Stretch-bike

This long bike is built for haulin’. After needing to find a truck to transport his welding equipment (ironically in order to build another bike) [Nick Johnson] decided it was time to make a two-wheeled cargo transport. He extended the frame in order to add a cradle in the front. Eventually there will be sides on that box but for now it works like a charm for transporting his groceries. With the long wheel-base this should be pretty stable as long as you balance your cargo. We’d certainly be more apt to try a ride on this rather than the double-decker death-trap from a few weeks ago.

26 thoughts on “Stretch-bike

  1. If I were going through the extra lengths of modding the bike, I would double up the front tire so that load balancing is less of an issue. Just my preference, anyways.

  2. This is essentially a bakfiet, the standard cargo bike in Amsterdam. However, I’m sure this cost way less than the $3k those bikes sell for here.

  3. Transport bikes for carrying gear are long like this, but usually have the extra space in the back.

    I’ve seen several around town – some just have big saddlebags across the back, and others have a “trunk.”

    It makes more sense to me to put the storage in the back. It keeps the steering mechanism standard, and doesn’t mess with the center of gravity as much (since the rider + gear system already shift the COG towards the back)

  4. I think there are trailers which are far easier to construct/attach/steer with that I’d rather use than this. It looks massively unstable and hard to drive.

  5. I recommend looking the word ‘ironic’ up in a dictionary. It would have been ironic if he needed to haul the welding equipment home for this bike. Just sayin’

  6. When I first looked at the picture I thought he had put two wheels on either side of the front cargo holder and used a simple steering setup (like on go carts etc). That’s how I would have done it. Otherwise cool bike.

  7. Cool build, but really, I prefer my 6cyl Toyota T100 for hauling the diesel arc welder, oxygen and acetylene tanks, mig welder, etc…

    Just get a pickup truck — you’ll never want another type of automobile afterward, and you’ll end up hauling your stretch bikes in it. ;)

  8. On the subject of bikes my left leg can only bend to about 85 degrees any ideas for a bike that I would be able to pedal?

  9. Some of you have asked how it rides. It actually rides really good, but has the steering radius of a city bus ;)

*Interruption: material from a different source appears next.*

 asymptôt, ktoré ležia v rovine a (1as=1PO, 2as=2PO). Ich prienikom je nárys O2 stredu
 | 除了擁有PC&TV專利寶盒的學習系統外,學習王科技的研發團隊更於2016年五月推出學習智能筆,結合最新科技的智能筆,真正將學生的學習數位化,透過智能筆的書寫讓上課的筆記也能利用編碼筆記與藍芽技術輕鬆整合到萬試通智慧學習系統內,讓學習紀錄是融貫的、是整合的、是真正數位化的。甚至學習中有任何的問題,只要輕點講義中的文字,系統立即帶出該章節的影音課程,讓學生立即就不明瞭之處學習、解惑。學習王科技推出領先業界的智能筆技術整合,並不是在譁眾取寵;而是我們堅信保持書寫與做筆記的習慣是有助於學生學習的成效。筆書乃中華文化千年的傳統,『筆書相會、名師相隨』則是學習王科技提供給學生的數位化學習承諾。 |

    @roy – yes, bakfietsen already exist. That’s why the title of my blog post is “DIY Bakfiets”—HaD chose the title “stretch-bike.” Bakfietsen sell for about $6000 US. I made this for about $100.

    @M4CGYV3R – In paragraph 3, I mention why I don’t like trailers.

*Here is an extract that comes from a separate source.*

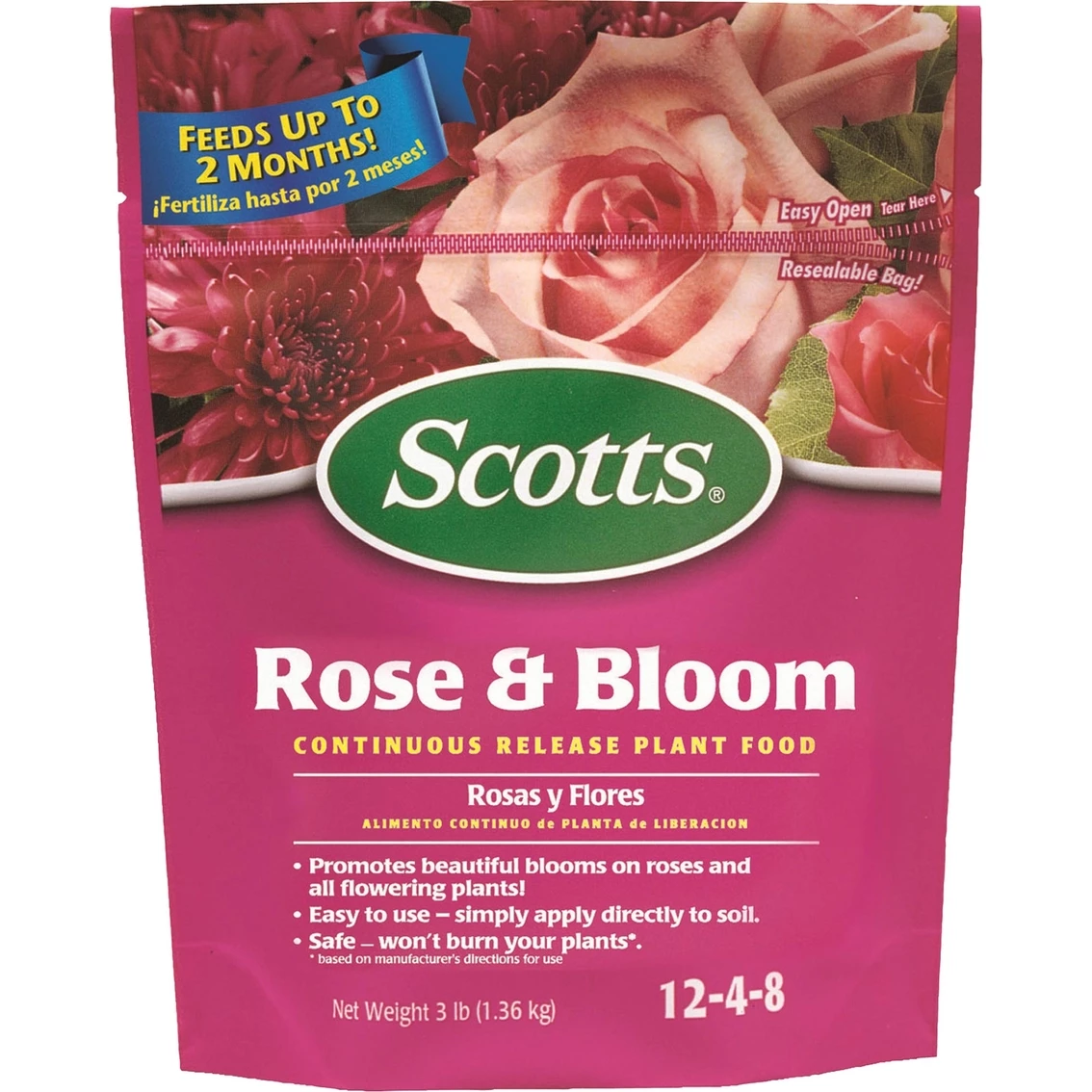 Scotts Rose & Bloom Continuous Release Plant Food promotes beautiful blooms on roses and all flowering plants. Easy to use — simply apply directly to soil. Safe — won’t burn your plants.* Feeds up to 2 months. 3 lb.

    @supershwa – I hear you, but my goal is to NOT burn gas.

    Nick

  10. I like it, I’ve seen them before and they are a good idea but I’ed still perfer this mode on a trike, not a bike.

  11. there’s a guy the next town over building pro-version of the same. saw them at a bike market. they do cost a few €€€, but are darn sturdy: http://bit.ly/aEI1JC

    also, i live in a farming community and LOTs of farmers around here have and use two-wheeled bike trailers. looks like they have been in use around here – judging by some of the antique ones i’ve seen – for a long, long time.

  12. forgot to mention, the coolest thing about the cetma (i think) is that he made it so it can come apart into two pieces, making it easier to ship.

    anyway, wicked bike. i’ve always wanted one like this but the terrain where i live keeps it from being practical, so our family has several xtracycles and xtracycle-like bikes.